Do you perform any Low or Red House Painters songs with this band?
Yeah, we were doing a few Red House Painters/Sun Kil Moon songs, and some covers—Genesis, things like that. Also some things I had written recently and every once in a while we’d do a Low song like “Lazy.” Mostly we stuck to originals. It gelled well, though. We had a hard time making sure we didn’t sound too much like Neil Young & Crazy Horse, but I think we pulled it off.

\I just heard Kozelek’s Sun Kil Moon album. It’s all covers of Modest Mouse.
Yeah, we did a couple of those on tour. I think the record sounds great, but it’s pretty bold. Now Alan Sparhawk will do an album of all Shins songs. [Laughs]

I was just thinking there’s a parallel between Low and Sleater-Kinney in 2005: You both recorded with Dave Fridmann and signed with Sub Pop. And you put out albums that changed up your sound a bit, giving the band a necessary injection.
I would agree. This last record is really the first time we took the lid off the jar and let ourselves go outside the rules as much as we wanted to. It’s a really personal record on a couple levels. We’re always trying to push into new territory, but this is the first time we figured out how to really open it up. Which is good, because it was during a time when ... the songs I was writing are a lot more harsher and negative.

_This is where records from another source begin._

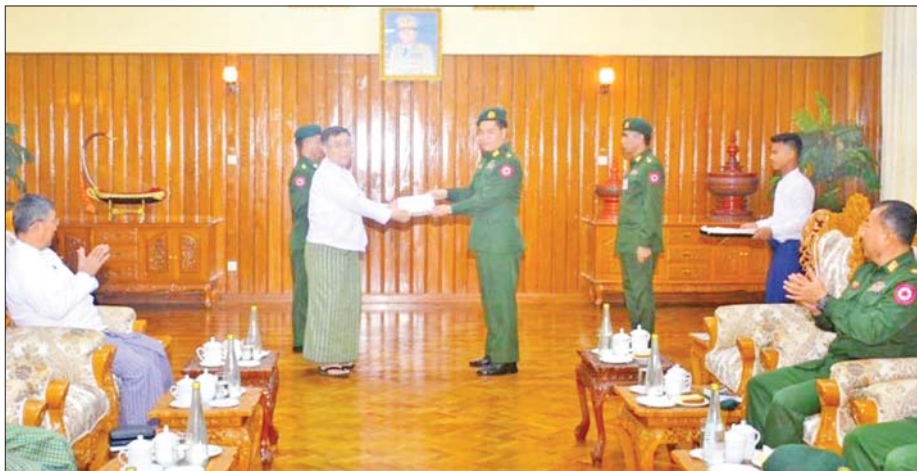
ပြည်ထောင်စုဝန်ကြီး ဒေါက်တာညွန့်ဖေ နေပြည်တော်တိုင်းစစ်ဌာနချုပ် တိုင်းမှူး ဗိုလ်ချုပ် စောသန်းလှိုင်ထံသို့ ပညာရေးဝန်ကြီးဌာနမှ ဝန်ထမ်းမိသားစုများက ပေးအပ်လှူဒါန်းသည့် ဂုဏ်ပြုချီးမြှင့်ငွေကျပ်သိန်း ၁၂၀ အား ပေးအပ်စဉ်။

ထိုသို့ ပေးအပ်လျက်ရှိရာ ယနေ့တွင် သာသနာရေးနှင့် ယဉ်ကျေးမှုဝန်ကြီးဌာနနှင့် ပညာရေးဝန်ကြီးဌာနတို့မှ ဝန်ထမ်းမိသားစုများက ဂုဏ်ပြုချီးမြှင့်ငွေနှင့် ယဉ်ကျေးမှုဝန်ကြီးဌာန ပြည်ထောင်စုဝန်ကြီး
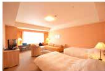
ロイヤルツインルーム
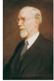
George Albert Smith
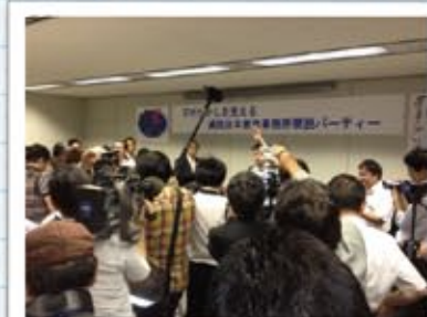
減税日本 東京事務所オープン!
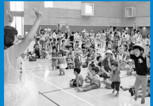
▲北海道工業大学で「手稲はわふる☆きっずらんど」が開催され、約600人の親子連れが多彩な遊びを楽しみました (8月8日)。
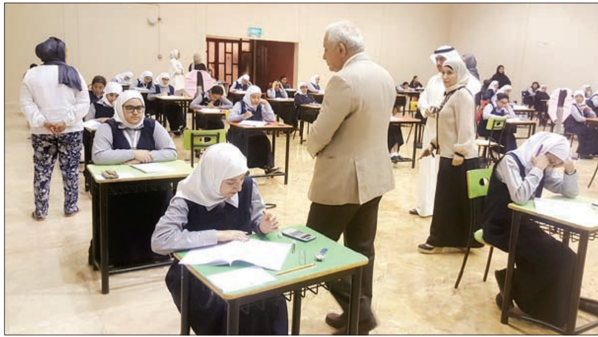
العيسى داخل إحدى لجان الاختبارات
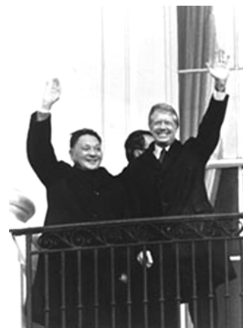
Gener del 1979, el president Carter juntament amb el viceprimer ministre xinès, Deng Xiaoping, al balcó de la Casa Blanca. Deng Xiaoping va ser el primer líder xinès que va visitar els EUA des de la fundació de la República Popular de la Xina el 1949
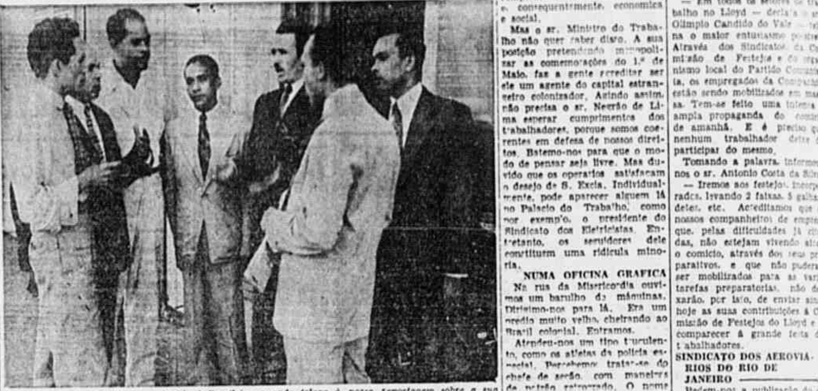
A Comissão de trabalhadores do Lloyd Brasileiro, quando falou a nossa reportagem sobre a sua participação na festa de amanhã
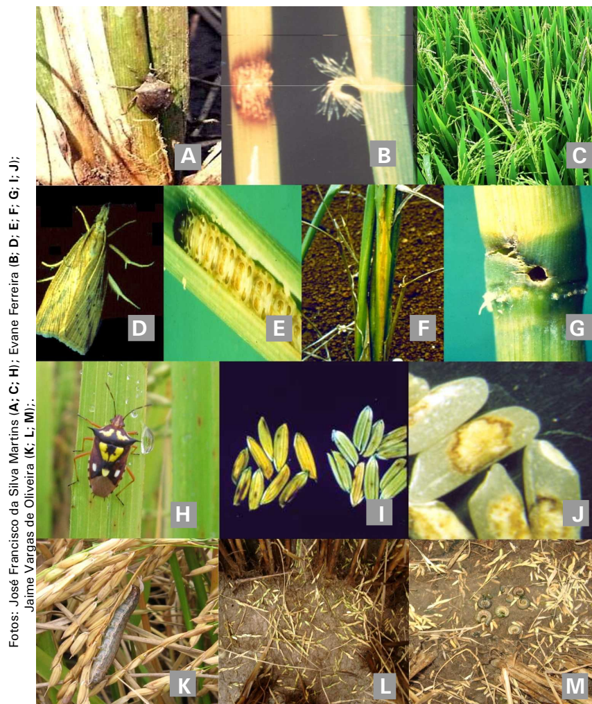
FIGURA 4. Principais espécies de insetos-praga que ocorrem na fase reprodutiva da cultura do arroz no Brasil e caracterização de danos. Percevejo-do-colmo [ Tibraca limbativentris : inseto adulto (A); necrose do colmo (B); panícula branca (C)]; Broca-do-colmo [ Diatraea saccharalis : mariposa (D); lagarta (E); bainha-da-folha raspada (F); colmo perfurado (G)]; Percevejo-do-grão [ Oebalus poecilus : inseto adulto (H); espiguetas vazias e grãos defeituosos (I); endosperma manchado (J)]; Lagarta-da-panícula [ Pseudaletia spp.: lagarta (K); panículas cortadas (L; M)]. Embrapa Clima Temperado, Pelotas – RS, 2009
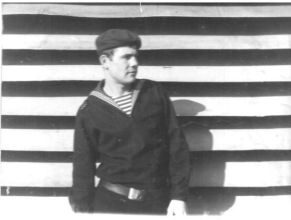
Строкова служба в м. Севастополі

Радянської армії. Служив в м. Севастополі протилодочному крейсері «Москва». 22 листопада 1974 року звільнився з рядів РА і повернувся в рідне село.
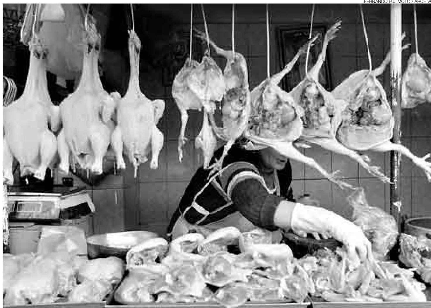
EL MÁS REQUERIDO. El pollo es el producto preferido entre las carnes en el Perú, destaca el Ministerio de Agricultura.
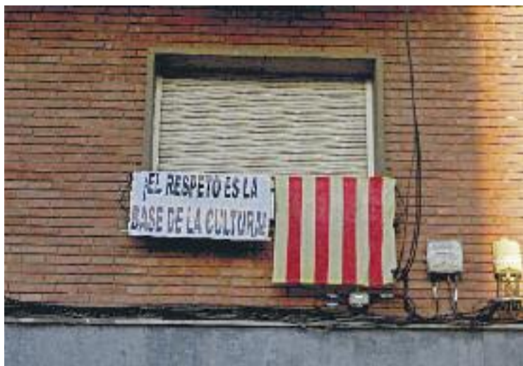
Uns 30 balcons de la plaça llueixen les pancartes.

"Continuem treballant a favor de la convivència", afirma a Línia l'H el regidor del Distric-

In some interviews I read with you earlier this year, you admitted to being angry. And plenty of musicians display their anger, but it was something that seemed different for you.
Well, the Sleater-Kinney record is pretty intense, too. Which is weird. I mean, we’re both bands that have kids now. Maybe it’s a parental anger that’s coming out, or being an adult and realizing how completely fucked you still are. Since we were out touring on this record this year, I haven’t been doing so hot. I have a hard time looking back at that record because it’s almost become a little too prophetic in my life, like a road map of what’s going on.

I realize this may be a difficult thing to talk about, but in May you canceled some shows and posted a message on the Low Web site indicating that you needed a break. May I ask how you’re feeling now as opposed to then? Have you gained any perspective on what made you feel that way?
It was a lot of things happening at once: just bad health, stress and getting older and not being able to ... I had to come home to the hospital for a while and it took a while to figure out how to stabilize myself.

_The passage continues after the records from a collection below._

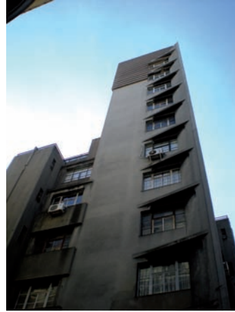
Edificio Centenario. O. De los Campos, M. Puente, H. Tournier, 1929

el desarrollo de otro tipo de ideas en nuestro medio.
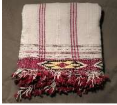
Şekil 18. Tokalı örtü
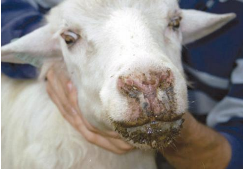
Figure2.15 : la maladie de la fièvre catarrhale du mouton

La langue bleue et gonflée, caractéristique de cette maladie dont le nom est par ailleurs tiré, ne se manifeste pas systématiquement. Il n'existe aucun médicament contre ce virus. Le traitement vise à réduire la douleur et à prévenir les infections bactériennes. N'exposez pas les moutons à la lumière du soleil et donnez-leur une alimentation facile à digérer et de l'eau potable.
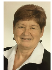
Atkári Árpádné Dél-Alföld
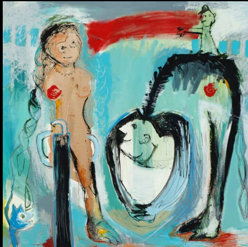
"Hvor-om-alt-ting-er" 150 x 150 cm
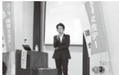
国際女性デー 安中市長講演
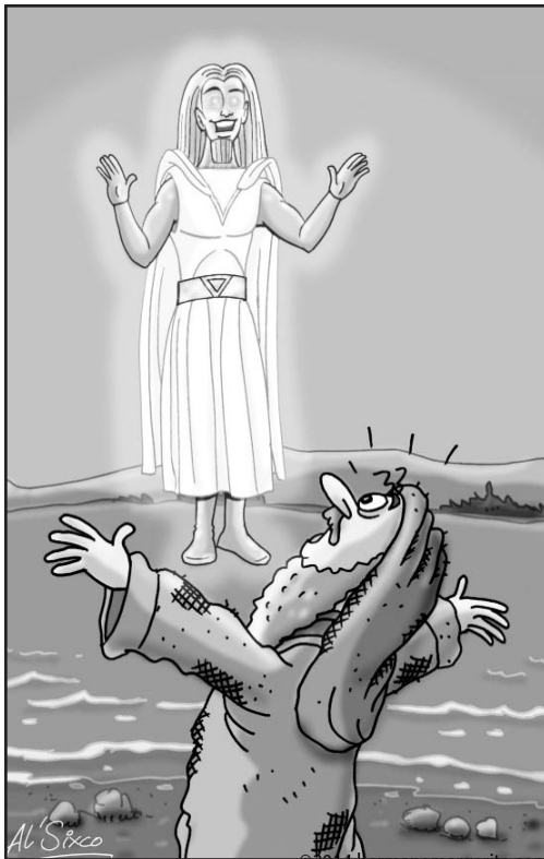
3. Daniel a la orilla del río Tigris y el varón vestido de lino
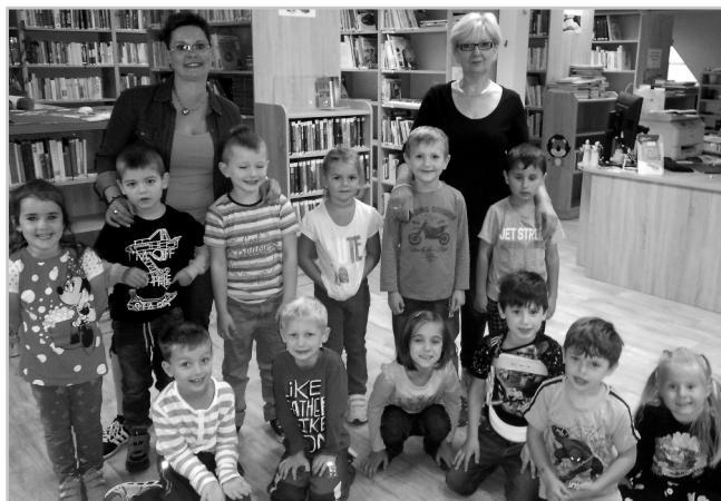
Děti z MŠ na výletě ve Vrbici.
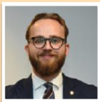
Kulturbyråd Reidar Digranes

BTM ble invitert til møte med kulturbyråd Reidar Digranes, den 16. februar. Undertegnede stilte på vegne av BTM, og fikk presentert våre aktiviteter. Byråden var imponert over besøkstall, dugnadsinnsats og aktiviteter ved museet.
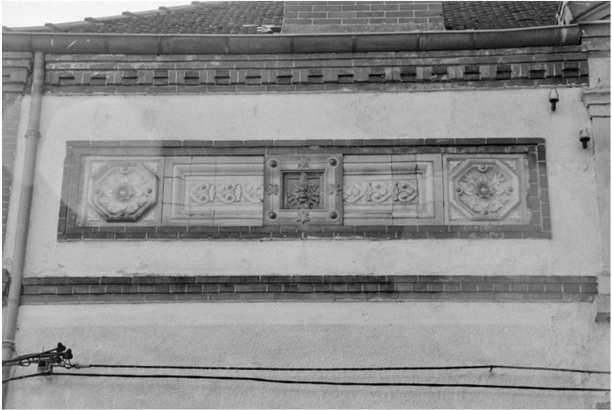
Détail de la façade est : panneaux de céramique (provenance indéterminée).
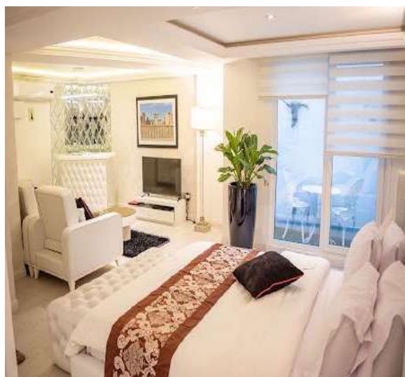
Taj Mahal Hotel Tahran (*****)
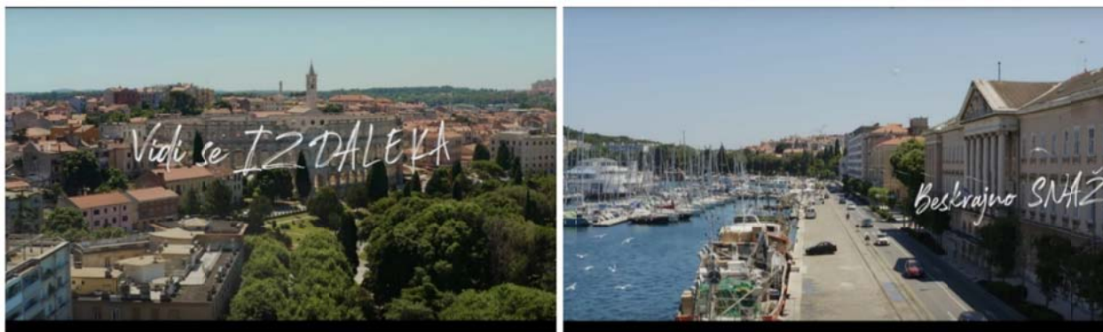
Slika 6 – Isječci iz spota „Vidi se iz daleka“

Za funkcioniranje obrta bitna je fleksibilnost pa su u početku pristajali na svakakve vrste projekata dok im se nije stvorio nekakav imidž ili portfolio radova koji prikazuje kvalitetu usluge. Započeli su s manjim projektima iz lokalne zajednice i tako odradili više videa za udruge s područja njihove općine, kao što su praćenje atletske utrke, otvaranje Arheološkog parka Vižula, praćenje raznih manifestacija sa istarskog područja. Radili su promotivna videa za beach barove, reklamna videa za razne tvrtke koje se bave turizmom kao što su prijevoz putnika brodom, iznajmljivanje vodenih skutera, buggy-a, te promotivna videa za kuće za odmor. Jedan od zanimljivijih projekata bio im je četrnaestodnevni izlet po jadranskoj obali sa ekipom jedriličara iz Croatia Sailing Akademije kao i video za promociju turističke agencije Collegium. Jedan od njihovih najpoznatijih radova zasigurno je video spot za pjesmu Vidi se iz daleka , hrvatskog izvođača Kedže, koju su odradili zajedno sa njihovim suradnicima iz N.O. Production Videography.

Do you feel recuperated at all?
[Laughs] Fuck, I don’t know. Does anybody ever feel recuperated? I don’t think anybody recuperates. You wait for the dust to land and see what’s still there. It’s hard to go into. It takes way too many words to explain what’s going on, or at least it’s difficult to find a few words to put it down in a way so that it’s not meant to sound like yet another complaining, white, guitar-playing whiner talking about his medications and stuff. I can’t get too obsessed with what my problems are because there are people who don’t have houses right now. I’m very lucky that I was around my family at that time, even though it was very difficult for them. We were touring Europe, we were having good shows and it was going really well. For some reason, we do really well in Spain. We had our last few shows there. So it was weird to then get home and it kind of dawns on you how out of touch with reality you’ve gotten, whether it’s sleep deprivation or medication debacle ... and then just being a pedigree of mental instability.

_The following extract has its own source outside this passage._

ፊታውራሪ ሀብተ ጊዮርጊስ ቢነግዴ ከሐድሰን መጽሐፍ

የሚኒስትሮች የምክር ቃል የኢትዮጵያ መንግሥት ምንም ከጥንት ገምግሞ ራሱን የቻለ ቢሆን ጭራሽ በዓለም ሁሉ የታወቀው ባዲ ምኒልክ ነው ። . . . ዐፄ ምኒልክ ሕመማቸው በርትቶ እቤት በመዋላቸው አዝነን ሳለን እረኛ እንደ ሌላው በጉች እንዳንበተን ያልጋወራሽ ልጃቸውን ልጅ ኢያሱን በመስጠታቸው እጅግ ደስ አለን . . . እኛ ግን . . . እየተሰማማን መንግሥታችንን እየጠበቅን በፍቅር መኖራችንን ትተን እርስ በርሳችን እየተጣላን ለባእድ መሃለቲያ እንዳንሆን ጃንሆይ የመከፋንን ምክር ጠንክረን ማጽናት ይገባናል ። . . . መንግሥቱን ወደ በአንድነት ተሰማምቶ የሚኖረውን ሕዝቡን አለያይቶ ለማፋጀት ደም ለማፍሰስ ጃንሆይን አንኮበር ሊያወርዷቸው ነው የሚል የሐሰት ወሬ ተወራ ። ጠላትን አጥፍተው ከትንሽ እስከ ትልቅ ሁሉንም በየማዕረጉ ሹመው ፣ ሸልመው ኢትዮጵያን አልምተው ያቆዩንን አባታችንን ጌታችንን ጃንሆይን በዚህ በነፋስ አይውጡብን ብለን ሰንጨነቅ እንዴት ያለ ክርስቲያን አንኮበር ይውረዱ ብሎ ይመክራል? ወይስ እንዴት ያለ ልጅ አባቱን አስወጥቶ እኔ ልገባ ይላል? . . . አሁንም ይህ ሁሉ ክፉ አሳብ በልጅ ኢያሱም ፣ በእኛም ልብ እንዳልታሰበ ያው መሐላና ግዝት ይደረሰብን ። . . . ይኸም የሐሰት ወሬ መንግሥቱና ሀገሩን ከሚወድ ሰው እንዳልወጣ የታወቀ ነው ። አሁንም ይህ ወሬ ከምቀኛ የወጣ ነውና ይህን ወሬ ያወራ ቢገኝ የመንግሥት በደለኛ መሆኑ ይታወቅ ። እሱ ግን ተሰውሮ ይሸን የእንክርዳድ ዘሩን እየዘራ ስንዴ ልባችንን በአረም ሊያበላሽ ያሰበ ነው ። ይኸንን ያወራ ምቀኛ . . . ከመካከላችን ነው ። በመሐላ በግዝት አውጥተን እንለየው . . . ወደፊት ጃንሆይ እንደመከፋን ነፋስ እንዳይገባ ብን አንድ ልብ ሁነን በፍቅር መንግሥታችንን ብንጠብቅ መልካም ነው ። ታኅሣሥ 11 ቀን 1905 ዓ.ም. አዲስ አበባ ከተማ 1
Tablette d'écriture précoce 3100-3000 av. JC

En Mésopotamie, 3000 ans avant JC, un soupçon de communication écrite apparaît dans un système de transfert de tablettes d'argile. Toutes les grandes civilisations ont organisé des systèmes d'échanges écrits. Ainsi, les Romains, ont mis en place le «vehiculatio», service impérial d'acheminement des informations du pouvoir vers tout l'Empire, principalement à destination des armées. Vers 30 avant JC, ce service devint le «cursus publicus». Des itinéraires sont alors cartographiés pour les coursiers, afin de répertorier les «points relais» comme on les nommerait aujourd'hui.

Did the touring make you feel particularly displaced?
Fuck displaced, man. Nobody’s displaced when you get there. You’re very at home when you’re losing your mind. You know exactly where you are all the time—unfortunately, it’s not real. I only feel displaced when I’m healthy [laughs].

Maybe you should cut back on the running.
[Laughs] No, running is the best damn thing going. I think the worst thing a person can say when they’re fucked up is, “I’m doing better.” That’s the sickest thing that can come out of someone’s mouth because most of the time they don’t really know. If you say you’re doing better, chances are the next day you’re gonna be in a ditch somewhere or you’re gonna be down in the basement with a power cable. I’ve learned to not assume your mind will be there with you whenever you get wherever you’re going.